## Sample-Imagined Generator (SIG)

Here is the instruction of the source code: Sample-Imagined Generator (SIG).

Please follow the instructions below to install the required environment for running the code, and follow "STEP 2" to reproduce the experimental results presented in our paper.

## Installation

1. Install Conda virtualenv: `conda create --name sig python=3.7`
2. Activate the virtualenv: `conda activate sig`
3. Install `pip install -r requirements.txt`.
4. Download the mujoco200 binary and licence [here](https://www.roboti.us/index.html).
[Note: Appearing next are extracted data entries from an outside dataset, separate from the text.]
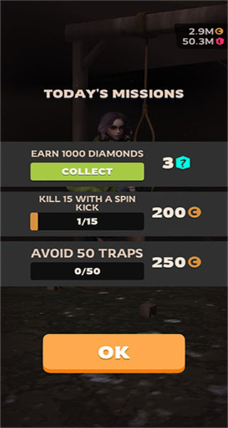 3、完成训练关卡后,点击COLLECT按钮,领取关卡奖励如道具、货币,解锁后续内容。
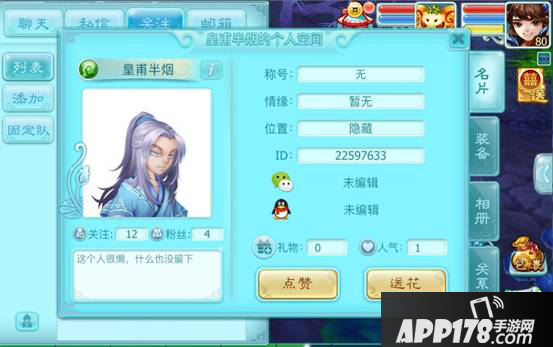 个人空间分为四个部分,名片、装备、相册、关系网,其中,名片可以查看人物的各类信息,还可以点赞增加人气。
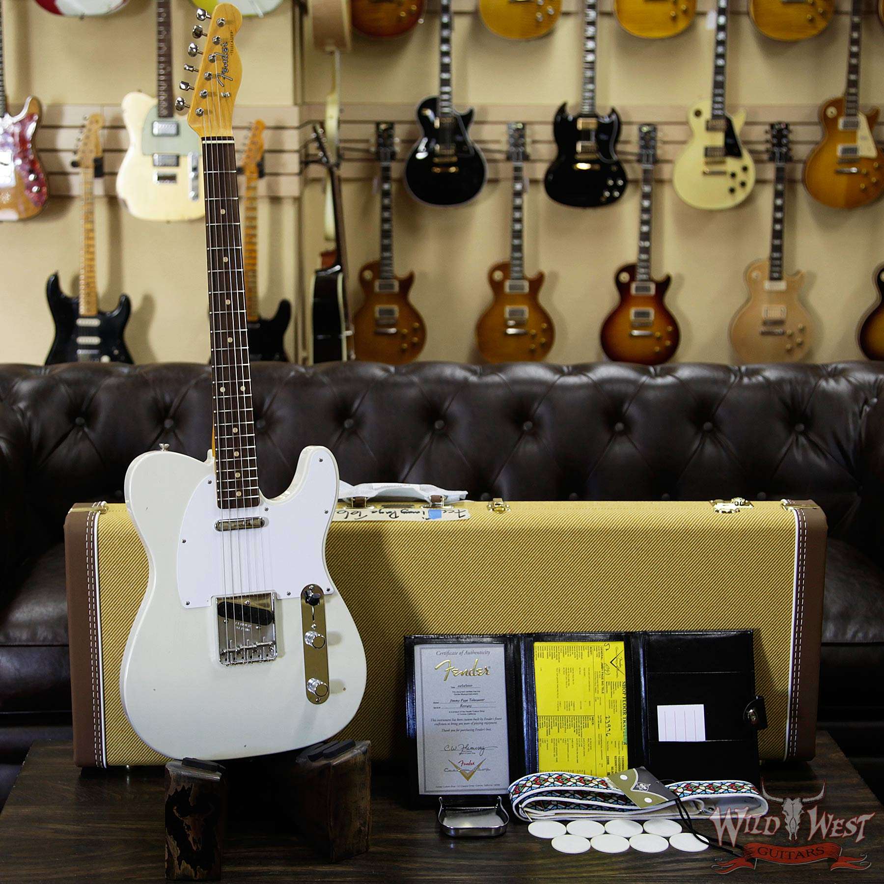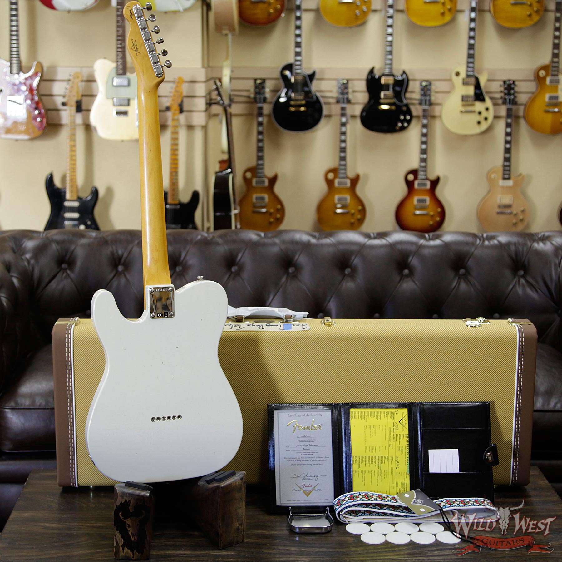Model: Fender Custom Shop Jimmy Page Signature Telecaster Journeyman Relic AAA Rosewood Slab Board White Blonde

Run `pip install mujoco-py==2.0.2.13`.
5. Run `pip install robosuite==1.4.0`

## Running

STEP1: Directly enter different folders to run corresponding task (Lift, Door, Extraction, Push and Navigation).

STEP2: Find the corresponding commands files (eg. lift_commands.txt) in different folders to run all the experimental results in our paper, taking the SAC and SM baselines under the Lift task as an example.
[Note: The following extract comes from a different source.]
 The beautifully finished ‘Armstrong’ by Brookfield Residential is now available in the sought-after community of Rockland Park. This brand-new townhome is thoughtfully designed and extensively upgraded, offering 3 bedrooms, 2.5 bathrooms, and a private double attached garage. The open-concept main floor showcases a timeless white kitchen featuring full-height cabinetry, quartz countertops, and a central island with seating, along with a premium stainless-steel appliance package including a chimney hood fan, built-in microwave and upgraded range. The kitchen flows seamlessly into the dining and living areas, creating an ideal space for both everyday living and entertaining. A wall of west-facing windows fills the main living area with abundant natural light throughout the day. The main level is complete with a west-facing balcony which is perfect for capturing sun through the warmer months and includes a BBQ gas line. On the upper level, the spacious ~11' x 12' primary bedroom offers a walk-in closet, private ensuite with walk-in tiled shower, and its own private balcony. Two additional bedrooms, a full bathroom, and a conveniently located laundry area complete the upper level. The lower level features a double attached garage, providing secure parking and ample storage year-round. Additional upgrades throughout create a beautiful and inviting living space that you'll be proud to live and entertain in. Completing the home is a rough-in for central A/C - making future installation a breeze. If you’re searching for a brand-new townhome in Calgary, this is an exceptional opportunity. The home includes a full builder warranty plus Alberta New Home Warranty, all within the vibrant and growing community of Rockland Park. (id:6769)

1. Run (1) (2) (3) (4) to execute the SIG experimental results in Figure 3.
2. Run (4) (5) to execute the experiment results in Figure 4 and Figure 7.
3. Run (4) (6) to execute the experiment results in Figure 5 and Figure 8.
4. Run (4) (7) to execute the experiment results in Figure 6.
5. Replace SAC and SM with other baselines in 'lift_commends.txt' to reproduce all experimental results under the Lift task. The same is true for other task environments.

(1) SAC

`python scripts/train.py --algo sac --env Lift --n-demos 100 --alpha 0.05 --num-eval-episodes 5`

(2) SAC + SIG

`python scripts/train-sig.py --algo sac --env Lift --n-demos 100 --alpha 0.05 --num-eval-episodes 5`

(3) SM

`python scripts/train.py --algo sac --env Lift --n-demos 100 --alpha 0.05 --num-eval-episodes 5 --do-mcac-bonus`

(4) SM + SIG

`python scripts/train-sig.py --algo sac --env Lift --n-demos 100 --alpha 0.05 --num-eval-episodes 5 --do-mcac-bonus`

(5) SM (Less Interact)

`python scripts/train-nosig.py --algo sac --env Lift --n-demos 100 --alpha 0.05 --num-eval-episodes 5 --do-mcac-bonus`

(6) SM + SIG (Fixed Switch)

`python scripts/train-sig-fixed.py --algo sac --env Lift --n-demos 100 --alpha 0.05 --num-eval-episodes 5 --do-mcac-bonus`

(7) SM + SIG (w/o AVM)

This ablation experiment includes only the SM, TM, and GM baselines under the Lift, Door, and Extraction tasks, a total of 9 groups.

`python scripts/train-sig-noavm.py --algo sac --env Lift --n-demos 100 --alpha 0.05 --num-eval-episodes 5 --do-mcac-bonus`

## Hyperparameters setting

Our method has 3 hyperparameters: the designated maximum imagined sample sampling ratio $r_{max}$, the threshold $\epsilon$ of the expectation of $\mathcal{L}_{ssg}$, and the threshold $\tau$ of the standard deviation of $\mathcal{L}_{ssg}$. These have all been set in the code according to the table below for direct running.


| Parameters | Lift | Door | Extraction | Push | Navigation |
| :--------: | :--: | :--: | :--------: | :--: | :--------: |
| $r_{max}$ | 0.25 | 0.25 |   0.125   | 0.1 |   0.125   |
| $\epsilon$ | 0.7 | 0.8 |    0.25    | 0.25 |    0.5    |
|   $\tau$   | 0.1 | 0.1 |    0.1    | 0.2 |    0.2    |

## Reference

In our codes, some part about selected baselines refers to the work of Wilcox et al. whose related URL is: https://sites.google.com/view/mcac-rl.